EXERCISE DIRECTIONS: Give back exactly the lines that start at the one containing "本次测试中,《剑网3无界》一" and run to the end of the material, leaving out the pictures.

** Opening RECORDED INFORMATION block **

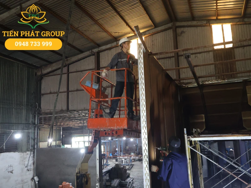 - Xây dựng & Lắp dựng: Cẩu ráp và gia cố kết cấu thép, thay mới hệ thống mái tôn, thi công vách ngăn cách nhiệt.
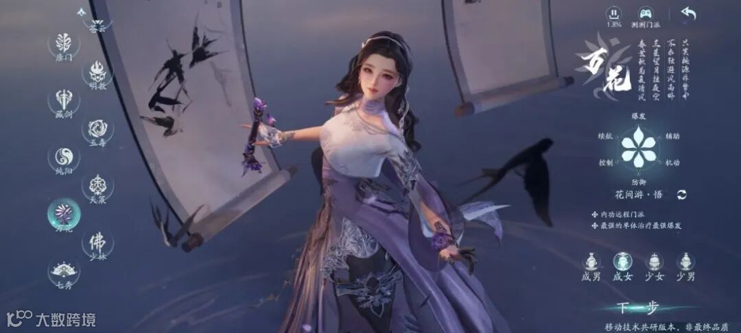 本次测试中,《剑网3无界》一口气开放了全部十九个门派的体验,与PC端原版完成了进一步接轨。而单单是将门派选择更新到十九个这一点,在武侠MMO游戏中其实就已经是独一档的存在了。
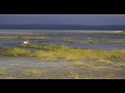 Villa Alota was de laatste gelegenheid waar we voedsel en drank konden inslaan voor de komende 3 of 4 dagen. Het aanbod was helaas tegenvallend, brood was er oa niet te vinden. We zullen de volgende dagen moeten doorkomen op een rantsoen van koekjes en bananen. 10 liter water zou de voornaamste dorst moeten lessen. We konden nog 25 kilometer gebruik maken van de nieuwe dirt-road in aanleg, daarna moesten we via een desvio invisible richting westen zien te geraken. Vanaf die splitsing verminderde de kwaliteit van de weg spectaculair (= understatement). Gelukkig bleef de kwaliteit van het natuuraanbod onveranderd mooi. In vergelijking met gisteren vorderden we maar matig. Naast de verschrikkelijke dirt-road en een doorgedreven stijgingspercentage kwam na de middag ook nog ‘ns de wind stevig opzetten. Toen rond 17u Laguna Hedionda tevoorschijn kwam hadden we een eersteklas excuus om de fietsactiviteiten van de dag te stoppen. De laguna baadde in schitterend licht en was voorzien van duizenden (volgens de politie honderden) flamingo’s, een mooiere kampeerplaats zouden we vandaag niet meer vinden.

** Closing RECORDED INFORMATION block **

COMPLETED EXERCISE:
 本次测试中,《剑网3无界》一口气开放了全部十九个门派的体验,与PC端原版完成了进一步接轨。而单单是将门派选择更新到十九个这一点,在武侠MMO游戏中其实就已经是独一档的存在了。
 Villa Alota was de laatste gelegenheid waar we voedsel en drank konden inslaan voor de komende 3 of 4 dagen. Het aanbod was helaas tegenvallend, brood was er oa niet te vinden. We zullen de volgende dagen moeten doorkomen op een rantsoen van koekjes en bananen. 10 liter water zou de voornaamste dorst moeten lessen. We konden nog 25 kilometer gebruik maken van de nieuwe dirt-road in aanleg, daarna moesten we via een desvio invisible richting westen zien te geraken. Vanaf die splitsing verminderde de kwaliteit van de weg spectaculair (= understatement). Gelukkig bleef de kwaliteit van het natuuraanbod onveranderd mooi. In vergelijking met gisteren vorderden we maar matig. Naast de verschrikkelijke dirt-road en een doorgedreven stijgingspercentage kwam na de middag ook nog ‘ns de wind stevig opzetten. Toen rond 17u Laguna Hedionda tevoorschijn kwam hadden we een eersteklas excuus om de fietsactiviteiten van de dag te stoppen. De laguna baadde in schitterend licht en was voorzien van duizenden (volgens de politie honderden) flamingo’s, een mooiere kampeerplaats zouden we vandaag niet meer vinden.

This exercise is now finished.